For the entries that follow, restate word for word the line containing "- В каждом лиц.", the line containing "別の条件で検索を行うには、検", and every line that lies between them.

───── Provided records

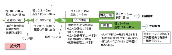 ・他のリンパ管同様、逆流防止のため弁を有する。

──────────
───── Provided records

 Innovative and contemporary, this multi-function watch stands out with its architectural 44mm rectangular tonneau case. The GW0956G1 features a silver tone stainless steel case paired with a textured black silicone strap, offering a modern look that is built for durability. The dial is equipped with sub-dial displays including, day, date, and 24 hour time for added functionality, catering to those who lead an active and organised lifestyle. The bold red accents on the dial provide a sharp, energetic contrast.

──────────
───── Provided records

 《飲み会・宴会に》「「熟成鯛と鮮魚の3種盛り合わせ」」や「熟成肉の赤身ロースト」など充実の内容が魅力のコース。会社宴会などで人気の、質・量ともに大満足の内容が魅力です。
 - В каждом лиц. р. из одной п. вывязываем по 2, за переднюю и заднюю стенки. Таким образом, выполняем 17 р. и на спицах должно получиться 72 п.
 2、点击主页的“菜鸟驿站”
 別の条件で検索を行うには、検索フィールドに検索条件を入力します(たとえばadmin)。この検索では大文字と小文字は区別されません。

──────────

§ Your response
 - В каждом лиц. р. из одной п. вывязываем по 2, за переднюю и заднюю стенки. Таким образом, выполняем 17 р. и на спицах должно получиться 72 п.
 2、点击主页的“菜鸟驿站”
 別の条件で検索を行うには、検索フィールドに検索条件を入力します(たとえばadmin)。この検索では大文字と小文字は区別されません。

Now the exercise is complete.